PROMPT:
Word for word, output every line of the material below, minus pictures.

PROVIDED DATA:
========

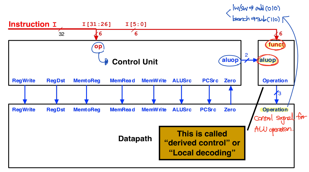: 2비트 제어 필드(ALUop), 6비트 funct 필드를 사용하여 ALU operation을 만든다. (decomposing)
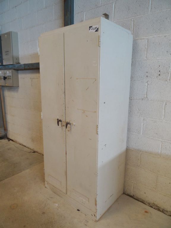 2 door storage cupboard with Qty various spares for Grun rotary kilns & spare silicon carbide firing tube in crate
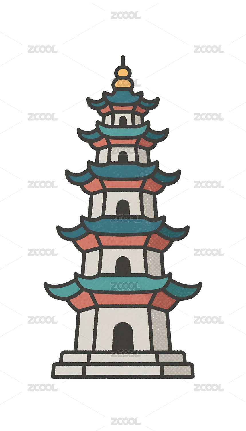浙江杭州地标西湖雷峰塔矢量插画设计素材

========

ANSWER BOX:
: 2비트 제어 필드(ALUop), 6비트 funct 필드를 사용하여 ALU operation을 만든다. (decomposing)
 2 door storage cupboard with Qty various spares for Grun rotary kilns & spare silicon carbide firing tube in crate
浙江杭州地标西湖雷峰塔矢量插画设计素材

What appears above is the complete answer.